Devon followed the road as it led to the main entrance, still half a mile distant. On each side of the gateway stood a stone wall, sloping down from six or seven feet high to about four. He could see now that leading away from each side of the entryway, an adobe wall enclosed the whole compound, high enough to keep out livestock but low enough for a couple of straw-hatted figures to peer over. To the left of the gate, a grove of cottonwoods showed their bushy tops, while to the right, a lower growth of pale green trees, perhaps acacia or locust, refracted the morning sunlight that came down from the far side.

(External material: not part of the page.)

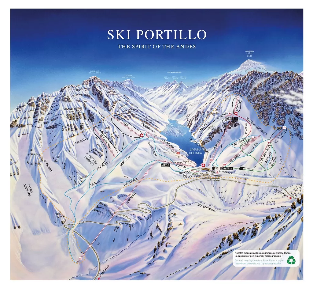 Il demanio sciistico è ampio, su 812 m di dislivello e dà la possibilità di salire sugli impianti senza code o di divertirsi nei fuoripista. La pista più lunga, rossa, è la Juncalillo Portillo, mentre la nera Kilometro Lanzado è famosa per i record di velocità raggiunti sui suoi pendii.

At about twenty yards from the gate, Devon stopped his horse and dismounted. A dark man in drab clothes and a peaked straw hat came out from behind the stone wall and stood behind the two pole gates where they met in the center.
“¿Sí, señor?”
“I would like to speak with the patrón, if it is possible.”
The man raised his head in a small gesture of challenge. “On the part of whom?”
“I am an outsider. He doesn’t know me. But I would like to ask him permission for something.”
“Just a minute.” The man turned to his left, spoke to someone behind the stone wall, and then walked out of view toward the buildings.
A few minutes later, another man appeared at the gate, loosened the chain in the middle, and stepped into full view. He was a well-built man, above average in height and square-shouldered, with large brown eyes. Wearing a hat of palm fiber with a tighter weave than the first man’s straw hat, he stood straight up with his head tipped back and his left thumb in the pocket of his brown leather vest. He had a toothpick sticking out of the corner of his mouth, and his smile showed a set of large teeth, one of them lined in silver. From the way he carried himself, as well as from his style of dress, Devon took him to be some kind of foreman.